**COLLECTED DATA:**
<<<<
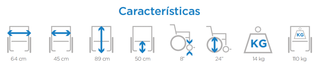 Cuenta con reposabrazos abatibles y reposapiés desmontables, facilitando la transferencia del usuario desde la cama o cualquier otro asiento. Además, su sistema de desmonte rápido permite un ensamblaje y desarmado ágil. Sus llantas de poliuretano y rines en estrella brindan estabilidad, seguridad y un desplazamiento suave en distintas superficies.
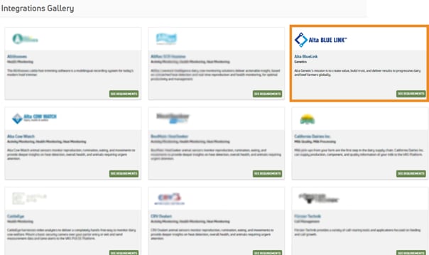 Etape 3. Dans la galerie des intégrations, trouvez Alta BLUE LINK et cliquez sur le bouton pour voir les exigences. |
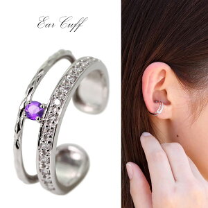 2月誕生石アメジストを使用したプラチナ製の、2連デザインのイヤーカフです。耳にはめ込むタイプなので、ピアスホールがない方も簡単に装着することができます。重ね付けをしたりお好きな位置につけてお楽しみください。
>>>>
**ASSIGNED TASK:** Recopy the whole listing above precisely, excluding images.

**WRITTEN ANSWER:**
 Cuenta con reposabrazos abatibles y reposapiés desmontables, facilitando la transferencia del usuario desde la cama o cualquier otro asiento. Además, su sistema de desmonte rápido permite un ensamblaje y desarmado ágil. Sus llantas de poliuretano y rines en estrella brindan estabilidad, seguridad y un desplazamiento suave en distintas superficies.
 Etape 3. Dans la galerie des intégrations, trouvez Alta BLUE LINK et cliquez sur le bouton pour voir les exigences. |
 2月誕生石アメジストを使用したプラチナ製の、2連デザインのイヤーカフです。耳にはめ込むタイプなので、ピアスホールがない方も簡単に装着することができます。重ね付けをしたりお好きな位置につけてお楽しみください。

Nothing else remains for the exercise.